True Widow – Circumambulation
True Widow
Relapse Records
Langoureux, lascif, True Widow est une petite lumière, une lucarne entrouverte qui laisse poindre une lumière réconfortante, un espoir aussi vain qu’apaisant. Son tempo est monotone, lent jusqu’à la nausée, le son quasi flasque, presque fantomatique. Les voix, féminines et masculines, suivent un chemin étroit où on n’élève pas le ton. On se laisse glisser, on se laisse prendre en tendant les doigts. Quelque-part, on espère qu’une main amicale voudra bien accepter cette invitation à l’abandon, car ne vous y trompez pas, « Circumambulation » exhorte en silence, c’est un appel à peine audible.

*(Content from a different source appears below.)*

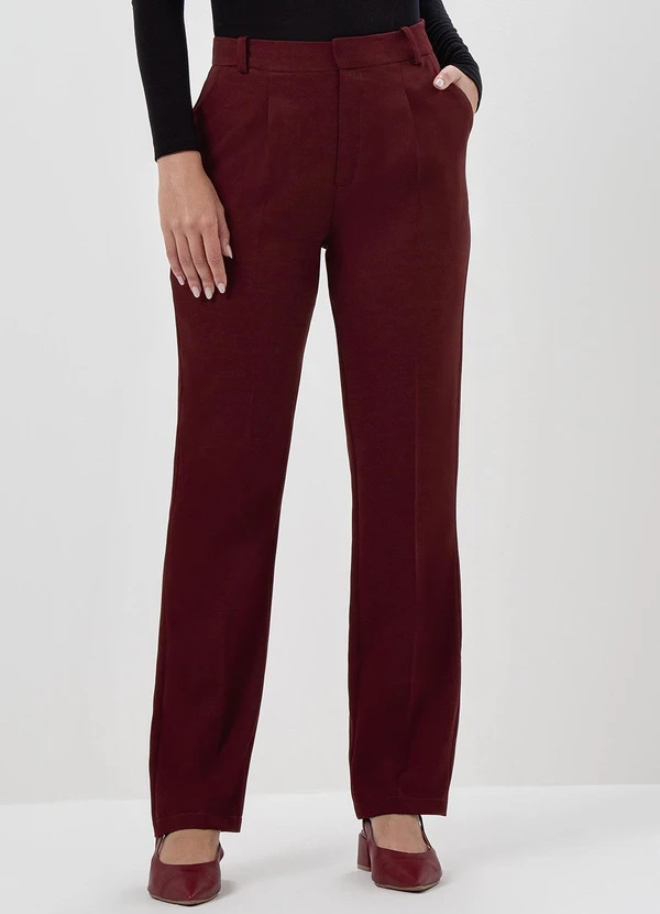 Principessa - Calça Reta Regular de Alfaiataria Bordô Taciane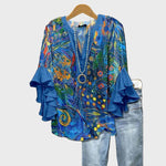 Αναδείξτε το καλλιτεχνικό σας στυλ με αυτήν τη μπλούζα σε έντονη μπλε απόχρωση, διακοσμημένη με πολύχρωμα αφηρημένα μοτίβα και λεπτομέρειες που θυμίζουν ζωγραφικό καμβά. Τα μανίκια με βολάν προσδίδουν κομψότητα και κίνηση, ενώ η άνετη γραμμή της την καθιστά ιδανική για καθημερινές και ξεχωριστές εμφανίσεις.

À l’étrangeté du premier contact se découvre la pâleur d’un visage qu’on désire caresser. Il se discerne ici un romantisme larvé, un réalisme des sentiments, doux, empêtrés, timides, maladroits presque. Et c’est cette confusion qui attire nous force à rejeter une oreille sur la chose, encore et encore. « Circumambulation » s’apprivoise, nous laisse le temps de le faire, d’autant plus que le groupe ralentit le temps, justement.

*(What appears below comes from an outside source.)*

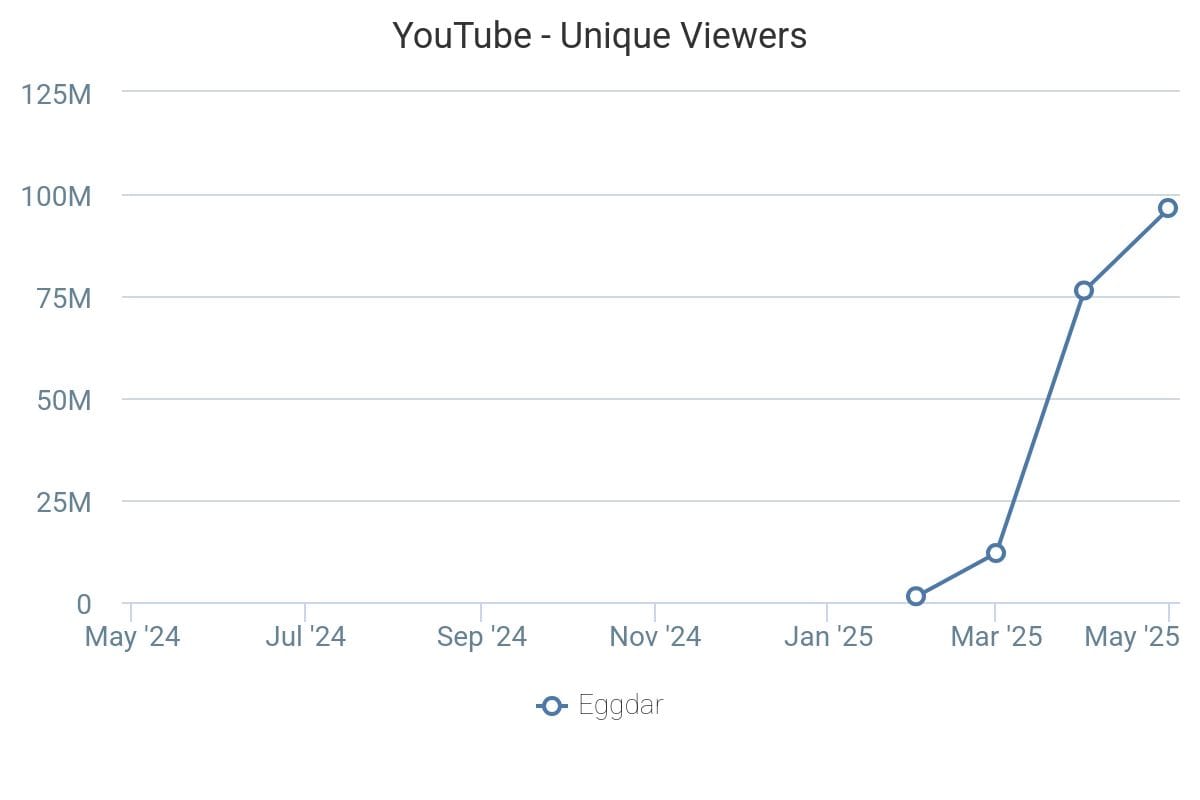- Data from Tubular Labs shows that Eggdar grew to 96.6 million unique U.S. viewers on YouTube in May 2025; all on the strength of short movie memes repeatedly displayed on top of the same face.

Il nous aide, nous interpelle avec la douce voix monocorde de Nicole Estill, nous plonge dans le marasme d’un Texas perdu, coupé du reste du monde. D’une apathie métaphorique etsensitive, avant tout, « Circumambulation » ne cherche pas à nous désespérer, mais creuse plutôt une voie de sortie, une échappatoire, cotonneuse, insaisissable, et aussi rêche que feutrée, avec une certaine forme de beauté dans l’immobilisme. Le temps qu’on cherche à stopper sans y arriver, alors on le ralentit. « Circumambulation » capte par ses refrains disséminés, son côté jusqu’au-boutiste hérité des disparus Codeine, ce fil du rasoir qui se tord et se tend constamment, toujours à la limite, sur la frontière. Il laisse l’impression de bras tendus qui viennent nous enlacer dans l’obscurité. Il a besoin de temps, autant que le diamant sur le sillon du vinyle, et, à la fin, il se délecte complètement.
« Circumambulation » est une percée sans aventures ni risques, une efficacité artisanale, sobre, sans touches expressionnistes. Rien de trop, mais l’aventure est au coin de la route, et « Circumambulation » en est juste l’une des plus belles invitations.